Кроме того, с каждым годом стремительно поднимается уровень грунтовых вод. Ещё немного – и Сфинкс подмочит лапы. А потом начнётся неизбежное разрушение, и всё будет безвозвратно потеряно уже в ближайшие десятилетия. Трудная для понимания картина – испепеляющее солнце пустыни сверху и подступающая вода снизу. Ему пришлось принимать срочные меры против этой невидимой угрозы. Вокруг Сфинкса были просверлены шурфы для замера уровня грунтовых вод. «Пирамидиоты» с замиранием сердца ожидали, что опущенные вниз видеокамеры покажут миру неизвестные помещения и подземные ходы. Но там ничего не было. Но разговоров от этого не стало меньше. «Что-то сверлили… Что-то искали… Наверняка, что-то нашли, но, как всегда, скрывают!» Заид усмехнулся. Уж он-то точно знал, чем занимались его люди на плато. Благодаря его усилиям были установлены насосы, которые ежедневно перекачивали до 7000 кубометров воды.
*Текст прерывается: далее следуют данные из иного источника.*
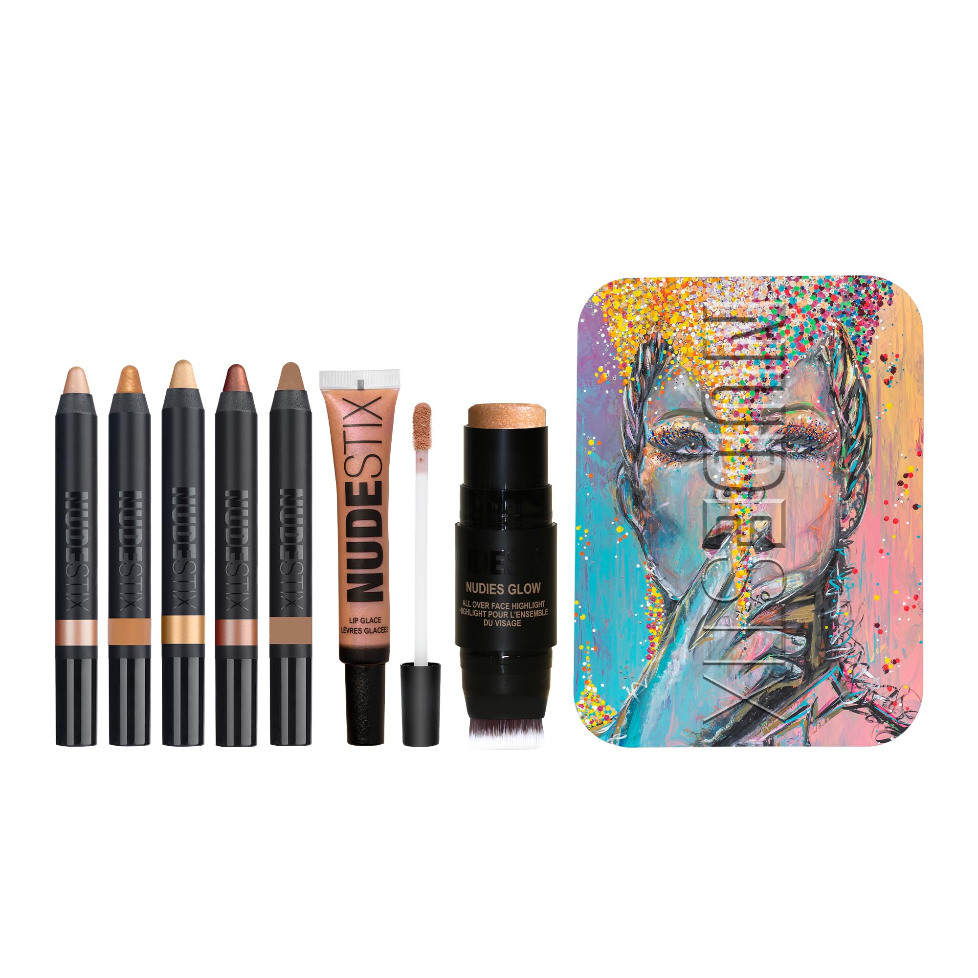 A limited edition, exclusive 7-piece palette inspired by the euphoria of festival season and celebration for life full of nude gold, glam and glitter; curated by NUDESTIX Co-founders, Taylor, Ally and Jenny Frankel. NUDESTIX presents EUPHORIC NUDES, a limited collection of festive faves and new nude glistening golds for face, eyes, cheeks and lips. Featuring new MAGNETIC LUMINOUS EYE COLOR, NUDE LIP GLACE and NUDIES GLOW shades and limited edition custom festival-inspired tin created by artist Jessica Gorlicky with mirror to hold your essentials. The EUPHORIC NUDES PALETTE has everything you need to kick off summer and get you festival-ready in minutes, and all on-the-go.
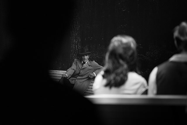 В театре постановку окрестили «спектаклем-кинофильмом»: часть действия «Тополей» перенесена со сцены на экран. Такое решение вместе с Топцовым и Буториным придумала художник спектакля Александра Дашевская, чтобы разгрузить пространство сцены. Основным местом действия оказывается спрятавшаяся в глубине парка аллея, где распевают птицы, а с ног сбивает запах тополей — поздняя весна без них не весна. Режиссером киночасти стал Сергей Осипьян (совсем недавно он, кстати, показал на фестивале «Кинотавр» короткометражку «Лунатики», где в главной роли появляется как раз Юрий Буторин), сумевший уловить приметы ушедшей, но не забытой советской действительности. Герои шагают со сцены на экран и обратно, исчезая в одном пространстве и тут же появляясь в другом. И если в самой постановке заняты только четыре артиста, то в фильме (что называется, в эпизодах) — добрая половина труппы Мастерской. Вот Евгений Цыганов идет с бидоном молока и разговаривает с «ним» и с «ним же», вот в роли выпивающего шахматиста появляется Евгений Каменькович, а в роли деловитой буфетчицы с тяжелым задом — Ксения Кутепова. Эффект черно-белого кино стремились сохранить и в жизни: обесцвеченные предметы, лишенные привычных красок, отвечают именно за это. Порой действие дублируется: тогда, например, столик в кафетерии возникает и тут, и там. Движения артистов точны, но гораздо важнее вложенные в них смыслы.

Пирамиды всё ещё были той границей, последним рубежом, разделяющим цивилизацию востока и первозданную пустыню запада. С востока жилые кварталы уже вплотную подобрались к плато. И только с запада, со стороны пустыни, ещё сохранялась видимость нетронутой вечности. Пустыня казалось такой же, как и тысячи лет назад. Если бы не мачты электропередач, которые виднелись вдали… Миллионам жителей Каира не хватало места под солнцем, и древние камни были досадным препятствием на пути к его расширению. Городу тысячи минаретов, крупнейшему мегаполису Африки и всего арабского мира уже давно было тесно в своих пределах.
Да и всему Египту едва хватало места под солнцем. Это в Канаде или в России нетронутой земли на сотни километров, а здесь, в Египте, каждый клочок у Нила – на вес золота. Места для строительства катастрофически не хватает, то и дело приходится предотвращать попытки граждан обосноваться на местах раскопок. То устроят кладбище на месте древнего храма, то начнут добывать гипс в неположенном месте. Зная то безразличие, с которым большинство его соотечественников относилось к древнему наследию Египта, Заид не без основания полагал, что пирамидам грозит смертельная опасность. Пирамиды были в осаде. Если не охранять их, то, вполне возможно, завтра какой-нибудь делец или политик предложит разобрать и перенести их в другое место, как это уже было с храмом Рамзеса II в Абу-Симбеле. И тогда сам предмет истории станет бессмысленной профанацией, жалкой копией оригинала.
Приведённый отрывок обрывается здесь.